Es ist vielleicht anmaßend, dies mit einem Fußballspiel gleichzusetzen, und doch bietet sich dieser Vergleich an. Die Partie Paderborn-Darmstadt, ein 6:2, als Mikrokosmos der Weihnacht.
Wie die Vorweihnachtszeit startete das Spiel aus einem Zustand der Struktur. Gegen Darmstadts 4-4-2-Pressing, bei dem die Innenverteidiger aller Zeit der Welt erhielten, eröffnete der Sportclub vor allem über die Doppelsechs, die sich flexibel hinter der ersten Linie anboten. Das Darmstädter Mittelfeld agierte währenddessen auf den Außenpositionen mannorientiert und konnte durch das weite Vorschieben Drägers rechtsseitig auseinandergezogen werden.
Momente, in denen dies genutzt wurde, stellen die Glanzpunkte der ersten Hälfte da.

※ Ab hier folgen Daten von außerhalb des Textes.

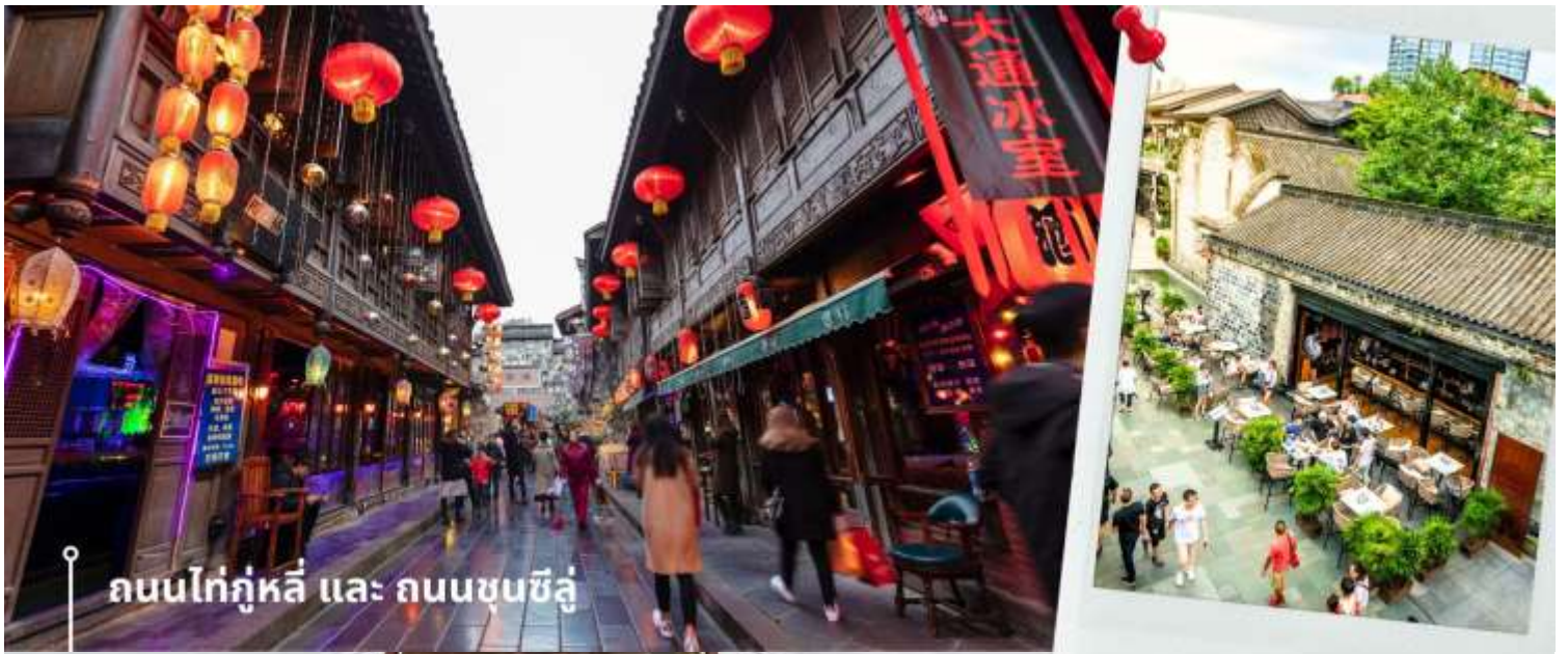
ถนนไท่กุ่หลี่ และ ถนนชุนซีลู่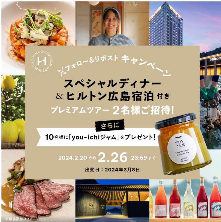
▶ キャンペーン画像

※本ツアーは広島空港集合・ヒルトン広島（広島市内）解散です。往復の交通費は自己負担となります。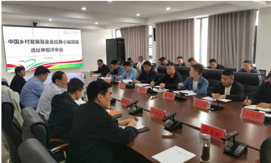
栾川县应急小站项目选址评审会现场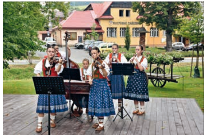
CM Cérky v zámeckém parku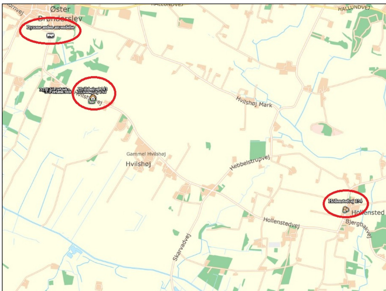
Figur 3: Nærmeste naboer i de 3 kategorier.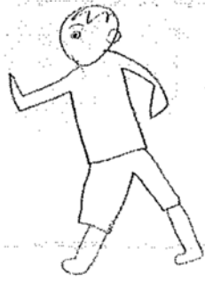
京都市立北総合支援学校 3年 大里昇平

ぼくは、200mや、50m、1 00mや400mも走りました。 少ししんどかったです。立幅 跳びや走り幅跳びをがんばり ました。少しきびしかったです。 ピンバックやソフトボール、ジ ベリックスローを投げることを がんばりました。物を遠くま で投げることができてよかつた です。記録証をもらうことが できてよかったです。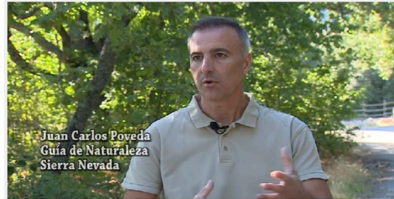
ECOTURISMO Y RED NATURA 2000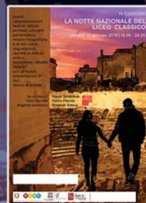
Locandina Notte Nazionale del Liceo Classico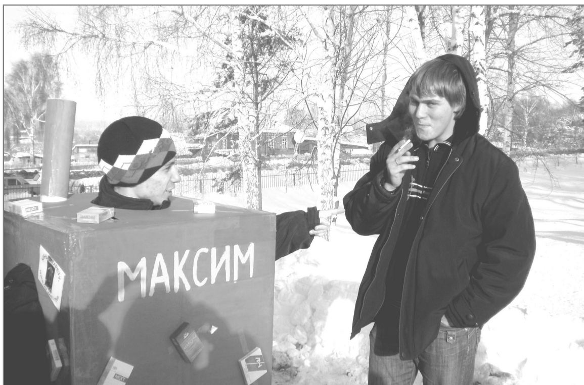
В наше время курят везде: на улице, дома, в гостях, на работе. . . . И это считается нормальным, привычным явлением. Курят не только взрослые, но и дети, не прячась от других, не скрывая этого.

Учащиеся 5-7 классов устроили суд сигарете. На нем все было по-настоящему: обвинение в причинении вреда здоровью и защита обвиняемого. В конце концов, сигарету приговорили к изгнанию, так же как и вредные привычки.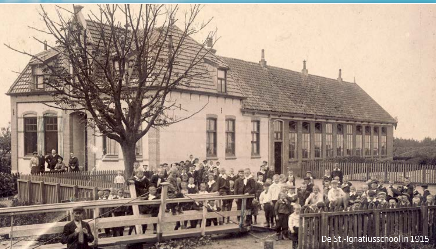
De St.-Ignatiuschool in 1915

100 jaar St.-Ignatiuschool › Klokkenroof tijdens de Tweede Wereldoorlog De Mater Amabilis School › Het Armenfonds van de Boekhorst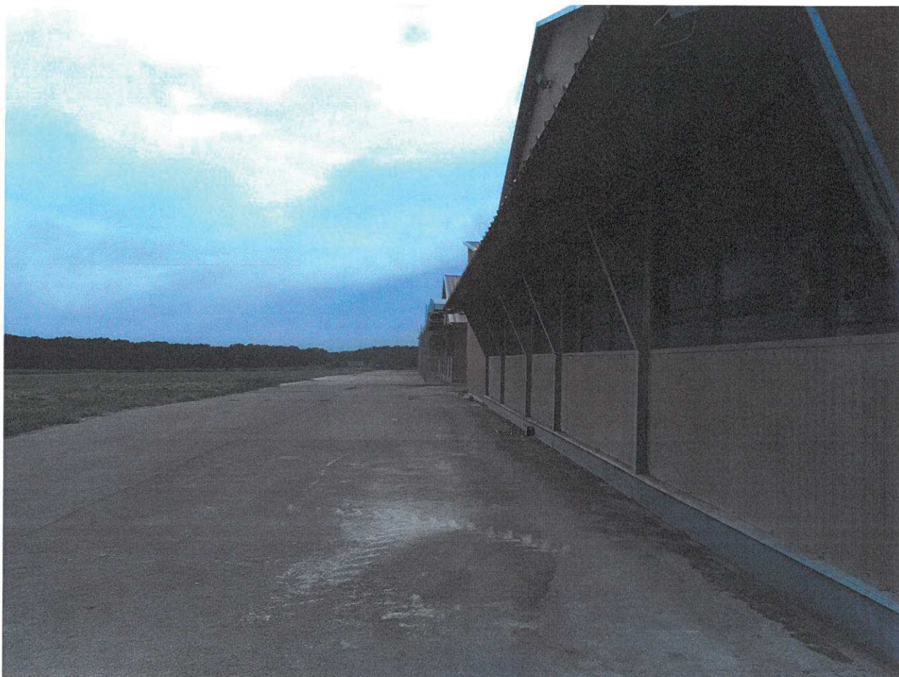
Abords extérieurs des bâtiments d'élevage : face sud-est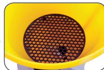
Grille de protection

Dräger schiebt in die letzte Linie und zieht Jones mit, Klement erhält im breiten rechten Halbraum nicht nur durch das nichtexistente Rückwärtspressing der Stürmer viel Zeit und kann das Spiel in die Tiefe tragen. Dort können die Paderborner in der ersten und zweiten Welle ihre Vorteile durch spekulative Tiefenläufe und schnelleres Nachrücken gegen die allenfalls reaktive, in keinem Fall aber proaktive Darmstädter Mittelfeldkette einsetzen.
Die Lilien hingegen schaffen eine Struktur, in der die vorderen Vier in die höchste Linie schieben, lange Bälle auf Dursun gesucht und Schnittstellen von Mehlem attackiert werden. Neben diesen wenig erfolgreichen Spielzügen betätigt sich Darmstadt am Flügel und zeigt rechtsseitig vielseitige Rotationsbewegungen mit Kempe, Heller und Sirigu, um einen der beiden letzteren an die Grundlinie zu schicken.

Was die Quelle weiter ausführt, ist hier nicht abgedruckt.